Exercise data
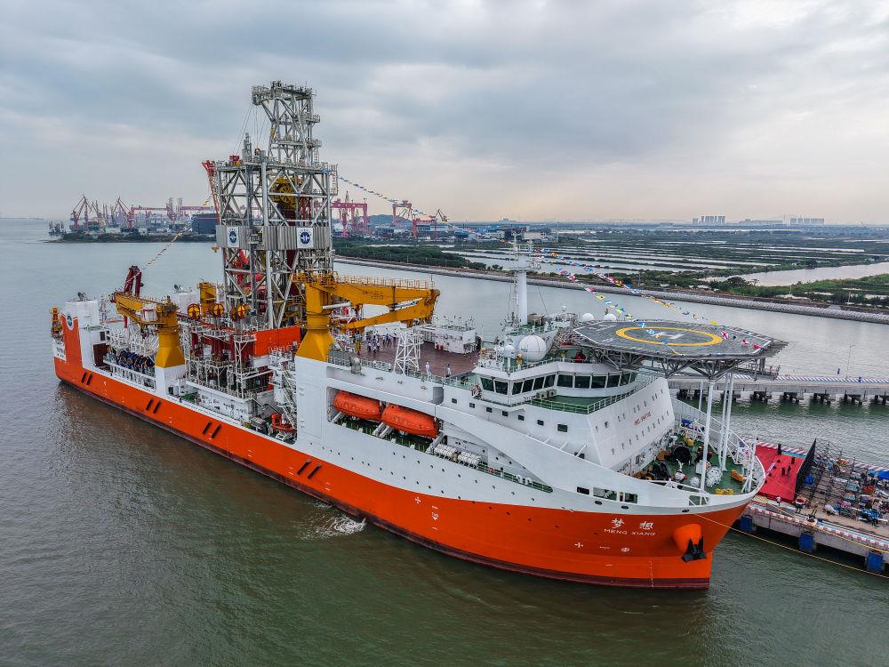 △2024年11月17日,靠泊在广州海洋地质调查局科考码头的我国自主设计建造的首艘大洋钻探船梦想号。
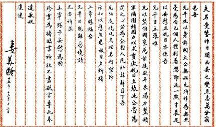 兄不自檢束,竟遭不測(cè)之禍,致令至愛憂傷,罪何可言。今事既至此,惟有不愧為吾妻之丈夫,亦不愧負(fù)吾總理與吾父吾母一生之教養(yǎng),必以清白之身還我先生,只求不愧不怍無負(fù)上帝神明而已。家事并無掛念,惟經(jīng)國(guó)與緯國(guó)兩兒皆為兄之子,亦即吾妻之子,萬望至愛視如己出,以慰吾靈。經(jīng)兒遠(yuǎn)離十年,其近日性情如何,兄固不得而知;惟緯兒至孝知義,其必能克盡孝道。彼于我遭難前一日尚來函,極欲為吾至愛盡其孝道也。彼現(xiàn)駐柏林,通信可由大使館轉(zhuǎn)。甚望吾至愛能去電以慰之為感。
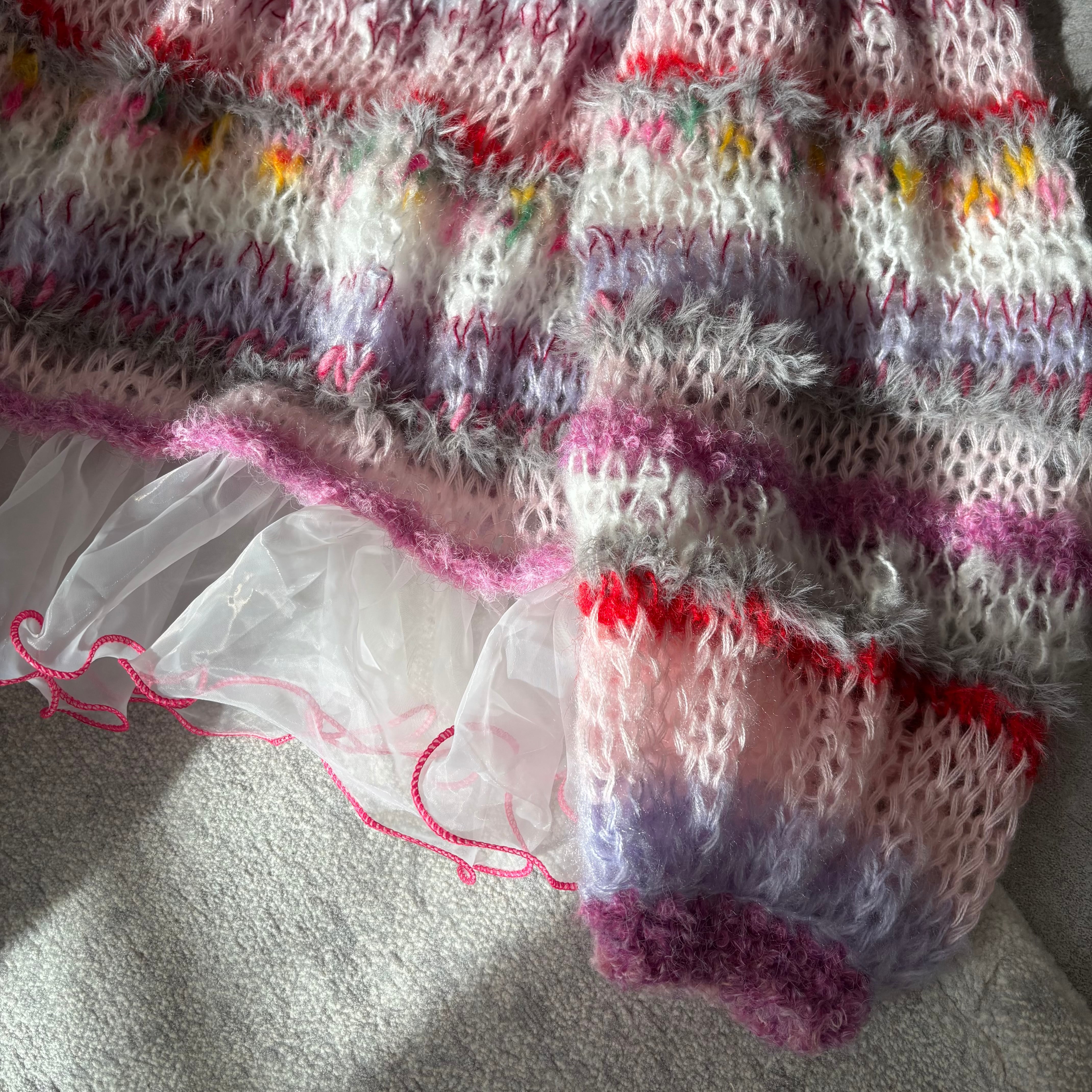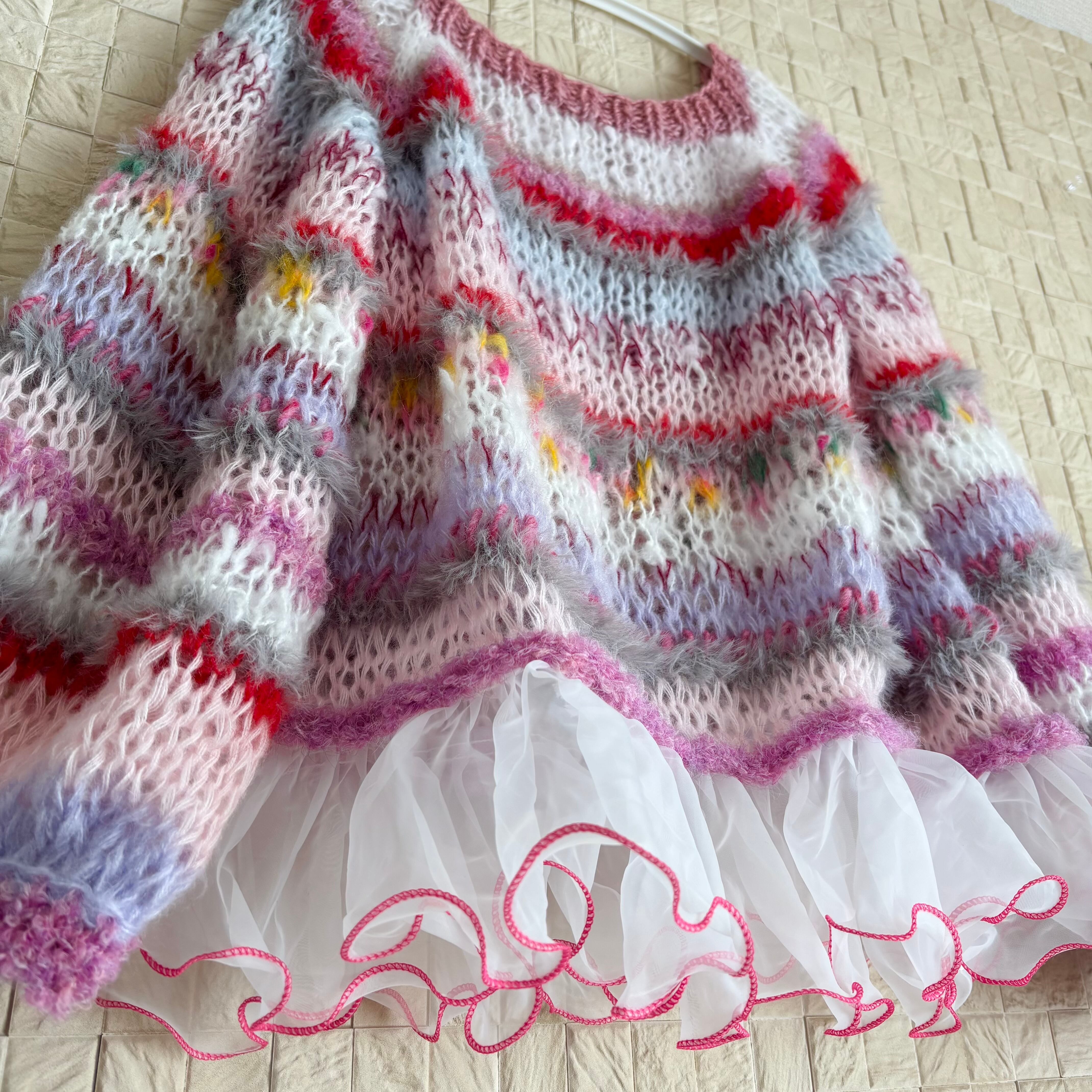 ピンクベースの手編みニットです。グレーのファーをアクセントに、裾をチュールにしてふわふわ感をプラスしました。

Work required
Could you reproduce the listing above word for word while leaving out its pictures?

Answer for this exercise
 △2024年11月17日,靠泊在广州海洋地质调查局科考码头的我国自主设计建造的首艘大洋钻探船梦想号。
 兄不自檢束,竟遭不測(cè)之禍,致令至愛憂傷,罪何可言。今事既至此,惟有不愧為吾妻之丈夫,亦不愧負(fù)吾總理與吾父吾母一生之教養(yǎng),必以清白之身還我先生,只求不愧不怍無負(fù)上帝神明而已。家事并無掛念,惟經(jīng)國(guó)與緯國(guó)兩兒皆為兄之子,亦即吾妻之子,萬望至愛視如己出,以慰吾靈。經(jīng)兒遠(yuǎn)離十年,其近日性情如何,兄固不得而知;惟緯兒至孝知義,其必能克盡孝道。彼于我遭難前一日尚來函,極欲為吾至愛盡其孝道也。彼現(xiàn)駐柏林,通信可由大使館轉(zhuǎn)。甚望吾至愛能去電以慰之為感。
 ピンクベースの手編みニットです。グレーのファーをアクセントに、裾をチュールにしてふわふわ感をプラスしました。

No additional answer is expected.